The final command that I used to migrate each account was as follows:

imapsync --syncinternaldates --host1 <ORIGIN MAIL SERVER> --port1 993 --ssl1 --user1 <ORIGIN USERNAME> --password1 <ORIGIN USER PASSWORD> 
--host2 imap.gmail.com --port2 993 --ssl2 --user2 <TARGET EMAIL ADDRESS> --password2 <TARGET USER PASSWORD> 
--useheader 'Message-Id' --skipsize --noauthmd5 --reconnectretry1 1 --reconnectretry2 1 --maxsize 2194304 \
   --folder "INBOX.Sent Messages" --prefix2 '[Gmail]/' --regextrans2 's/Sent Messages$/Sent Mail/g' \
   --folder "INBOX.Deleted Messages" --prefix2 '[Gmail]/' --regextrans2 's/Deleted Messages$/Trash/' \
   --folder "INBOX.Drafts" --prefix2 '[Gmail]/' --regextrans2 's/INBOX\.Drafts$/Drafts/'

(The three folder lines were unique to the IMAP configuration on the origin server, and will likely change for you.

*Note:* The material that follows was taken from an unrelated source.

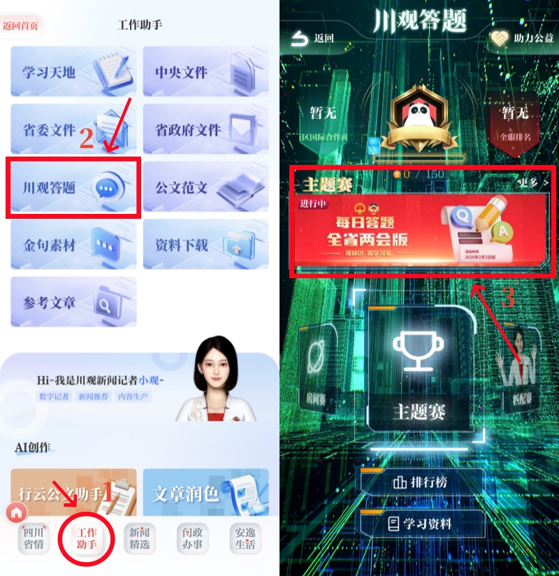 方式三:在川观新闻下方任务栏点击“工作助手”,进入“川观答题”栏目,点击“每日答题全省两会版”图标即可进入答题页面。

Also don’t forget --dry --justfolders while testing!)

After running the migrations on the underpowered origin server, I switched over to a VPS and ran the commands again, but this time without the –maxsize switch. No memory issues were encountered on the robust VPS, and I also was able to catch the last few newer emails that had been missed since the first migration.

Finally, after each account was migrated, I placed a forward on the email account on the origin server to redirect all new mail to <account>@<domain>.test-google-a.com, which acts as a secondary address for all Google Apps accounts before you switch over MX records. This allowed me to to a cutover from the old server to the new server without losing any new messages, and worked flawlessly.

All in all, the process took about 5 hours to transfer all of the data, and about an hour of research and playing around. Much better than dragging and dropping, or writing an entire mini-application to utilize the email migration API. Thanks to some great resources like imapsync and several helpful blogs, this was a much more pain-free experience than in the past!